Лятьку обладал пытливым умом. Тёмными быстрыми глазками жадно обгладывал обрывки газет, попадавших в чум. Рассматривал каждую букву, как охотник следы на снегу. Заметив это, мудрая и тихая мать дала увесистую вязанку книг, которые бережно хранила в старинном сундуке. В берестяном брюхе чума сын обнимал обеими руками книгу и неслышно выползал из сумрака на улицу. Шелестел страницами под сиянием белых ночей, хотел поскорее узнать истории с Большой земли. Верил, что рано или поздно вылетит из холодных и неприветливых скал, соприкоснётся с новым миром, о котором так много читал.

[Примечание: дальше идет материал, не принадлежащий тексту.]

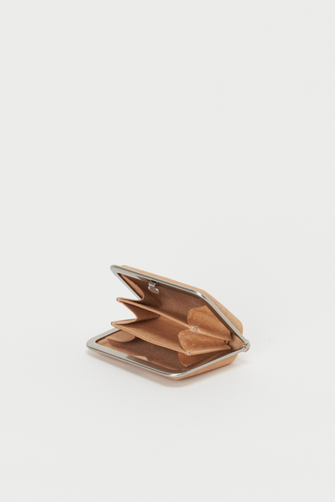 イタリア タンニン鞣しのカウレザーを使用し、形成で立体的に加工したがま口財布です。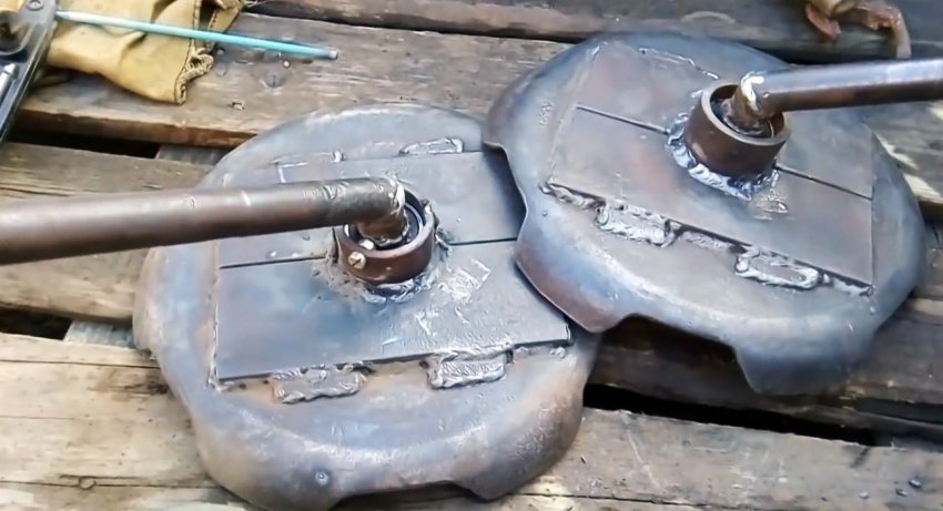В кольца вставляем оси стоек. Причем наружный подшипник будет упираться в выступы отверстий в пластинах и не даст смещаться стойкам. С наружной стороны оси с подшипниками закрепляем гайками. Диски для окучника вполне готовы к установке.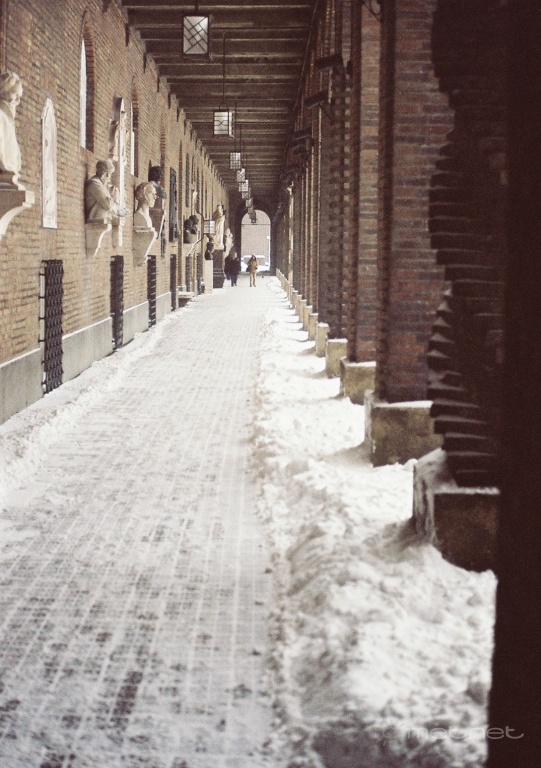 Leírás: Árkádok a Dóm téren: itt ritkán van hó.

Герои произведений вопреки страху и уязвимости находили в себе силы защитить мечты и надежды предыдущих поколений, чтобы передать их следующим. Это помогало калеке забыться и пережить беспросветные сорокаградусные зимы, превозмочь боль и слабость. В воображении он путешествовал и совершал подвиги.
В реальности же маленькое сгорбленное тело едва слушалось своего хозяина.
Когда чернобровому возмужавшему юноше исполнилось семнадцать, Торум обрушил на стойбище ливни и морозы. Обледеневшая, слепяще белая земля тогда казалась кровожаднее зимних волков. Олени не могли раскопать ягель, разбивали копыта о лёд, голодные и хромые отставали от стада. Пастухи отчаянно перегоняли их, совсем не спав. Мать с младшими детьми отпаивали ухой в чуме уцелевших телят. Тогда полегла половина стада, Ювана к тому времени уже не стало, поэтому слово на семейном совете взял старший сын.
Поговаривали, что после падежа оленей Лятьку отправился на Священное место. Еле доковылял до него, а вернулся на стойбище – уже на крепких ногах и без сводящей с ума боли по всему телу. Никто не знает, что дало ему сил: благословение духов или ответственность за семью и род. Зато точно известно – тот со всем кланом перекочевал на заброшенный остров, где, кроме старых корявых лиственниц, ничего не было. Ходил, закинув руки за спину, по берегу и с жаром обещал родным: «Здесь поставим электростанцию, тут цех, а там – пекарню!» Верил, что сыновья и внуки услышат песню здешних волн так же, как слышит их он...
Спустя годы со всего округа на остров съезжались делегации в пиджаках, чтобы перенять опыт передовиков. Гости толпились, шушукались между собой и с важным видом что-то нацарапывали в записных книжках. Одни называли сурового бригадира феноменом, другие – сумасшедшим. Правдой было то, что он никого не жалел, особенно себя. Так ковалась железная дисциплина...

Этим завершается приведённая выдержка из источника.